Faith has begun to waver a little since Nick showed his rust. His first game in Ohio, he batted second, swung hard, never made solid contact. He went hitless with two strikeouts, and the home fans who don’t know anything about anything began to laugh and say, “Why’s a scrawny, overmatched kid batting second?” Brad tried to explain to the rival fans what Nick had done this season, but when you looked at him out of context, the embellished facts felt like outright lies. The LumberKings lost that game, down 2–1 in a best-of-five series, one away from elimination yet again.

Tom Wilhelmsen finally pitched a bad game for that second LumberKings loss. His year is over, and so he’s next in line to drink himself stupid with Hank. And me. We take shots, split pitchers, like friends. A round of good whiskey shows up. The waitress leans in, points down the bar to Ted, the general manager, sitting alone. He raises his glass in tribute.

“You’ve been fantastic, boys,” he calls out.

There’s the awkward raising of glasses in return, that too-long silence when Ted could invite the players over or the players could invite Ted. None of them know each other well enough to do that. Everyone looks down. Ted is paying his own way to be here, staying alone. Nate, his assistant general manager, is here, too, with the whole family, wanting to see a championship that belongs to him and doesn’t.

“Good guy,” Tom says, looking at Ted, not sure if he means it.

We start talking about Nick Franklin.

Voices are lowered. I am glanced at. Sentences are ended with sudden silences and jerks of the neck toward me. Even though they are drunk
and unhinged, even though we are sharing some basic bar stool camaraderie, the ballplayer is schooled not to talk about any issue that matters enough to get him in trouble. Nick Franklin is that issue.

Hank’s voice is working to not sound betrayed, just impartial.

“He thinks he’s big-league now. Once you leave, you come back and you’re not one of us.”

Is it that tenuous? Well, how could it not be? If the connection, the brotherhood, the shared triumph and despair, is a hurried fabrication, it should end swiftly and arbitrarily as well. What is shared is a sense of wanting and of injustice. Nick wanted to move up, and then he did, so there is no bond left.

I look at Hank. He is both himself and not. Or he is not the person I saw before. He is just there.

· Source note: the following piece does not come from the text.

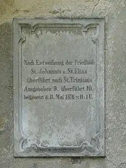 Das Gelände war mit Friedhofsmauern umschlossen. Der Kirchhof hatte zwei Portale in Richtung Stadt Dresden, die mit Figuren und Sprüchen aus der Bibel geschmückt waren. Vom Tor des Kirchhofs hatte sich um 1900 ein Relief mit der Darstellung des Jüngsten Gerichts erhalten.[27] Der Friedhof wurde 1633 erweitert, indem anschließende Gärten aufgekauft wurden. Ein Teil des Geldes zum Ankauf des Geländes wurde dabei von der Frauenkirchgemeinde geliehen.[10] Aufgrund der Pest erfolgte 1680 eine weitere Erweiterung des Friedhofs. Zuletzt wurde der Friedhof im Jahr 1721 vergrößert, indem der Stadtrat das Rechenberg’sche Grundstück zur Borngasse hin ankaufte.[28] Die Erweiterung war unter anderem notwendig geworden, weil Bestattungen auf dem Frauenkirchhof der Stadt seit 1715 untersagt waren. Im Zuge der Säkularisation des Frauenkirchhofs von 1714 bis 1724 wurden zahlreiche Särge und Grabsteine auf den Johanniskirchhof überführt.
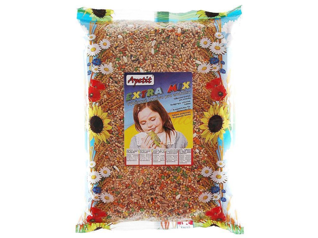 Složení: niger, mrkvové vločky, biskvit, extrudované obilniny, semenec, cardi, proso zelené, proso červené, oves nahý, lesknice, proso žluté

I have ascribed so much to him. I have rooted for his success because he needed to be rooted for and I needed to feel as if I noticed beauty previously unseen. I have made him tragic because sometimes I think he is, but also because it makes him so worthy of attention. He is bored. Somebody is playing piano. There is a bachelorette party. The bachelorette, in her plastic crown, stumbles past us toward the bathroom and back again.

“I want to get a ring,” he says, down into his beer, a reminder. “That’s what is important. That’s what we’re here for.”

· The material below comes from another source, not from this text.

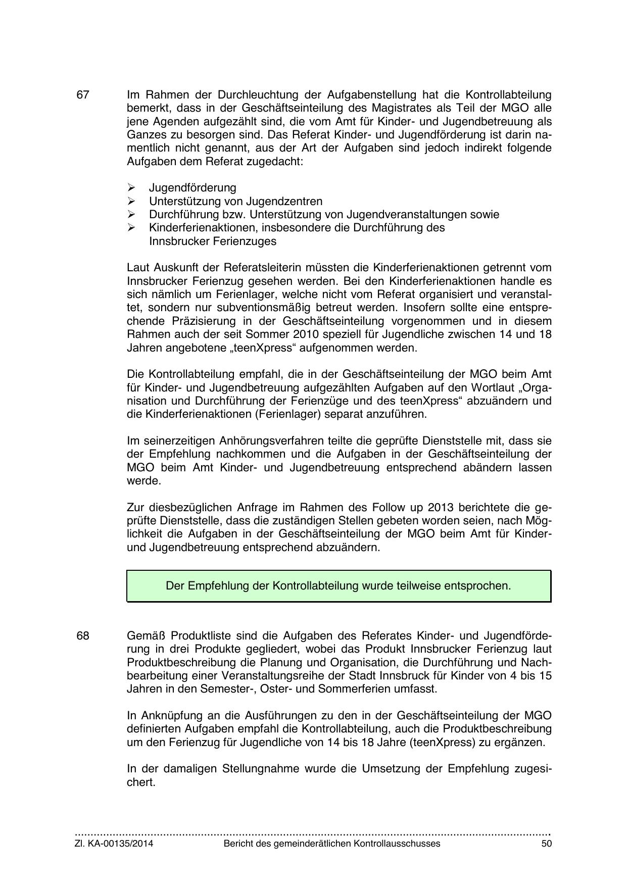 Zur diesbezüglichen Anfrage im Rahmen des Follow up 2013 berichtete die geprüfte Dienststelle, dass die zuständigen Stellen gebeten worden seien, nach Möglichkeit die Aufgaben in der Geschäftseinteilung der MGO beim Amt für Kinderund Jugendbetreuung entsprechend abzuändern.

I am tired. I accept the platitude.

Chris, the bus driver, has let me crash in his hotel room, and so I end up sneaking in late, tiptoeing and brushing my teeth to cut the booze, fifteen again. He likes to fall asleep to Fox News at high volume, so that is what I fall asleep to. Pundits are screaming. People are accusing.
Take responsibility
. I hear that phrase clear enough.
I’m sick of you
, voices assert, back and forth in a contest of apportioning blame. There is terrorism in this world. And famine, too. There are godless people with sinister intentions. Chris knows this, worries, talks about it often. I say, “Uh-huh.” I agree with nothing he says, but I think we’re scared in the same way.

Chris worked in restaurants for thirty years, which fed both his type-A personality and his drinking. But about a decade ago, he decided no more drinking, and because he decided, it was done. It’s about personal
responsibility. That’s why he likes driving ballplayers. Bird-watchers and family reunions and tour groups that travel east to see the leaves change, they all tip better, but they are not en route to a job, not working, always working.